We thank the reviewer for this assessment. Regarding the high technical level, we have tried to make simplifications and clarifications throughout the revised manuscript. For example, we now give more background on what the software and machine learning tools do. We have also tried to better define the connection between this manuscript and the previous work. We hope the changes appear satisfactory.

String methods are notorious for depending on starting structure as well as the number and choice of collective variables, and may converge slowly on the optimal path, if at all. The authors do not show plots of convergence (how each PMF changes over #iterations), and do not appear to undertake tests for reproducibility. i.e. Starting from very different initial structures to show that the same final pathways emerge, leading to consistent free energy profiles. For example, starting again with an initial structure for an inverse agonist instead of one for an agonist and show the same results are computed. I note that in the Discussion it is said that several simulation replicas were used to reduce error. But to what does this apply (apparently not to the swarms)? Also, collective variables (CVs) are those defined in the previous study (Fleetwood et al., 2020), but what if the set of CVs is changed or the number of CVs is reduced/increased? While I do not suggest redoing with a different set, how does the reader judge the robustness of the CV-reliant results?

In addition to the arguments listed in the cover letter, we point out that the previously published apo and BI-167107-bound string simulations were performed with a different set of Collective Variables (CVs) and initiated from different pathways (Fleetwood et al., 2020) than the new ligand-receptor simulations presented in this manuscript. Despite the differences in simulation set-up, it is evident from Figure 2 that the free energy landscapes for the agonists adrenaline and salmeterol are more similar to BI-167107 than to the other ligands. The same holds for the apo free energy landscape, which is strikingly similar to the inverse agonists and antagonists. If the starting conditions and CVs alone defined the outcome, this would not be the case.

Regarding the convergence of the PMF, we previously performed cross validation over the string iterations for the TM5 bulge microswitch expectation values (Supplementary Table 2 in the original manuscript). The microswitch expectation values were consistent between the first and second half of the last 224 string iterations, which indicates that these values have converged and were sampled from an equilibrium process. Additionally, samples drawn from an unconverged distribution, would lead to a large standard deviation and/or statistical outliers in the free energy landscapes. Thus our statistical error analysis and convergence estimation provide much strong evidence of convergence.

The method for free energy calculation uses a transition matrix on a CV grid with stationary solution. In the subsection “Free energy estimation”, the authors cite Pan, Sezer and Roux, 2008 (and Fleetwood et al., 2020), but it is not clear that Pan, Sezer and Roux, 2008, did this, and in fact I think the first to do this from a swarms of trajectories solution was Lev et al., 2017 (see also Flood, et al., 2019), not cited here.

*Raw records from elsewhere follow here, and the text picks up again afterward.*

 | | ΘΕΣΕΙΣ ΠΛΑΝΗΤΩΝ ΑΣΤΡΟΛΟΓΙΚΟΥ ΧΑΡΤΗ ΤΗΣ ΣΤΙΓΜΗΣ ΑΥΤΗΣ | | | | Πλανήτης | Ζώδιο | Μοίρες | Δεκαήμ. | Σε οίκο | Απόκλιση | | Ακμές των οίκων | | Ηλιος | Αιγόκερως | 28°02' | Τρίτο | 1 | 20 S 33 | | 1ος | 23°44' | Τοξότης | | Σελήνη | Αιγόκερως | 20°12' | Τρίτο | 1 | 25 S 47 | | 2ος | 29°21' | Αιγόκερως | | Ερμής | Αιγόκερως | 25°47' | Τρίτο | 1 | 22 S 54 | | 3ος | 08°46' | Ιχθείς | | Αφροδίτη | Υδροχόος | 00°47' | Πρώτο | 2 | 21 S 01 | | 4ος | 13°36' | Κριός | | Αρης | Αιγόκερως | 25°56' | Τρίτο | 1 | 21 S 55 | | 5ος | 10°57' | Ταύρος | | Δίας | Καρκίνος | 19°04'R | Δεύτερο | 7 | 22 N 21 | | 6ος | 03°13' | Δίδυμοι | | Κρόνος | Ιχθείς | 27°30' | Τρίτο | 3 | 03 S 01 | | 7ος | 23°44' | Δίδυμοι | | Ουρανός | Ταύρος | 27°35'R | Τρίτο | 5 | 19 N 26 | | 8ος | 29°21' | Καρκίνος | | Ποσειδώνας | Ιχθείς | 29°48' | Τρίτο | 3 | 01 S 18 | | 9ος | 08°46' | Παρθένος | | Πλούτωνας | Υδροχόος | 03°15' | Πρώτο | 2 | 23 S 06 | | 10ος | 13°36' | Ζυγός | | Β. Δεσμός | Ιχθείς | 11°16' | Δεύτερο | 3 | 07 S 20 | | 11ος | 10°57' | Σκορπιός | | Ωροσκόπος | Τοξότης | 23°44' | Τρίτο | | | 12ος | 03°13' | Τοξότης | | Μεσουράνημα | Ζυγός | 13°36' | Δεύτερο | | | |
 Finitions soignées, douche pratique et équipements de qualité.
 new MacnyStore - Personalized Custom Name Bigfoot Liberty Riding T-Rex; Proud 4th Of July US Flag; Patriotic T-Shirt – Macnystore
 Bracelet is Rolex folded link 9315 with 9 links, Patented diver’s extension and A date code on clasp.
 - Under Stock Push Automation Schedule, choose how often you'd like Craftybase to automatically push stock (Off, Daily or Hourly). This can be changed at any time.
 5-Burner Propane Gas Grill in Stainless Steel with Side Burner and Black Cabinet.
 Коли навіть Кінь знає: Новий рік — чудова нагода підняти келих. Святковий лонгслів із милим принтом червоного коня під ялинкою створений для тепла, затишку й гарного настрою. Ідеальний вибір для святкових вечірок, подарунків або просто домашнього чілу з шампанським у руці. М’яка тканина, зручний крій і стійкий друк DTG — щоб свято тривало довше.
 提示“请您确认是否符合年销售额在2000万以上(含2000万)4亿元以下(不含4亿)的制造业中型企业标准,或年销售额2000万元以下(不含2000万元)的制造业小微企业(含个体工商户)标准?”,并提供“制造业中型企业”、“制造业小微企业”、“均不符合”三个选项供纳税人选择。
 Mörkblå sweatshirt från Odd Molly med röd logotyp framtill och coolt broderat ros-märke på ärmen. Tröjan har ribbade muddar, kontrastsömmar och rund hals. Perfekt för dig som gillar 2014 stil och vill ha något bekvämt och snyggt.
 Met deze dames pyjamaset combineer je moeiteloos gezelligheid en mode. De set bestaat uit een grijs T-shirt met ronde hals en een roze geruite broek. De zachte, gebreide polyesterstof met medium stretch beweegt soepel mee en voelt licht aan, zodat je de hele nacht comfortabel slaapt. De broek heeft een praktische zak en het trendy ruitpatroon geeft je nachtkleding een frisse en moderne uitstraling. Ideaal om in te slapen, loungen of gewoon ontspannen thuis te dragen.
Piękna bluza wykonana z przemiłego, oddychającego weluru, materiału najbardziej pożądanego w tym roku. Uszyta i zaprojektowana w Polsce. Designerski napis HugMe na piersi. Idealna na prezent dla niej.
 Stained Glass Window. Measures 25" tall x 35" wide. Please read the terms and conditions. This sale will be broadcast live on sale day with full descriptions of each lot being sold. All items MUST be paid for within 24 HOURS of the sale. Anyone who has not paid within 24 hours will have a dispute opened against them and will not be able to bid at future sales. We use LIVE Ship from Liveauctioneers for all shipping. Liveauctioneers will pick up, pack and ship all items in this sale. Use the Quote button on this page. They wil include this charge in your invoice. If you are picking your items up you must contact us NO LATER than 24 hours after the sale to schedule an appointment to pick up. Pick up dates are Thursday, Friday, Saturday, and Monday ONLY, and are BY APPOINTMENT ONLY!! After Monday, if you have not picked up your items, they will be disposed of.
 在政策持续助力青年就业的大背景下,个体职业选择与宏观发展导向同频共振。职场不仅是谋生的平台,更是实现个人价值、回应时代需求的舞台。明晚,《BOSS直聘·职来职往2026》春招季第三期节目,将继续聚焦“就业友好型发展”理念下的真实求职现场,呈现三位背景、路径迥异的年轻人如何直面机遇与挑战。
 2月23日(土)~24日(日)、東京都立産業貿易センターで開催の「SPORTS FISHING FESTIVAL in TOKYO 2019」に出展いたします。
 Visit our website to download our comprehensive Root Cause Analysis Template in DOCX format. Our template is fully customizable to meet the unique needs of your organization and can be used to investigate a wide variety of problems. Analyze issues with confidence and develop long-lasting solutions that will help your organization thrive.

The reviewer is indeed correct here. We have updated the citations accordingly in the manuscript.

Having computed free energy projections along collective variables, receptor stability in relation to efficacy instead relies on estimation values for variables and not free energies, and the justifications for this could be improved. The authors write that the width and depth of the basins determine the most probable state projected into that space. This sentence is not clear, but its meaning is important, because ultimately the relative values of free energies are discussed. If the 2D maps are valid projections of the full configurational space (albeit with sampling guided/biased by the string), then Boltzmann integrals over each basin should yield a valid equilibrium constant. I presume the concern is that projections along different pairs of CVs can lead to different apparent free energies, because different CVs map out different proportions of phase space, and potentially envelop multiple states of the system, but does this mean a Boltzmann integral over a site is not a true thermodynamic quantity? In the Discussion, the authors return to add that examination of one projection can overlook what is happening in other coordinates/switches, but more discussion/justification is needed. Related, the authors state that they have "accurately captured the relative stability of states", but this is confusing given the relative stability of states from the maps appears to have been discredited.

We thank the reviewer for this astute set of comments, which we have enjoyed considering and addressing.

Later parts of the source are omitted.